* _Exercise details_
Every line of the material below must be repeated exactly.

* _Material provided_
------------------------------------------------------------------------

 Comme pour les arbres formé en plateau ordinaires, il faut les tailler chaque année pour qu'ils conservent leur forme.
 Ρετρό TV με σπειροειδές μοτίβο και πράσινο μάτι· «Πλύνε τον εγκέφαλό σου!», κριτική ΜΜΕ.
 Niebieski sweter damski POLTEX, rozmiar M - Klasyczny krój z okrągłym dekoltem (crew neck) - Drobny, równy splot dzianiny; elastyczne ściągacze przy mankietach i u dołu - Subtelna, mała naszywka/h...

------------------------------------------------------------------------

* _The completed task_
 Comme pour les arbres formé en plateau ordinaires, il faut les tailler chaque année pour qu'ils conservent leur forme.
 Ρετρό TV με σπειροειδές μοτίβο και πράσινο μάτι· «Πλύνε τον εγκέφαλό σου!», κριτική ΜΜΕ.
 Niebieski sweter damski POLTEX, rozmiar M - Klasyczny krój z okrągłym dekoltem (crew neck) - Drobny, równy splot dzianiny; elastyczne ściągacze przy mankietach i u dołu - Subtelna, mała naszywka/h...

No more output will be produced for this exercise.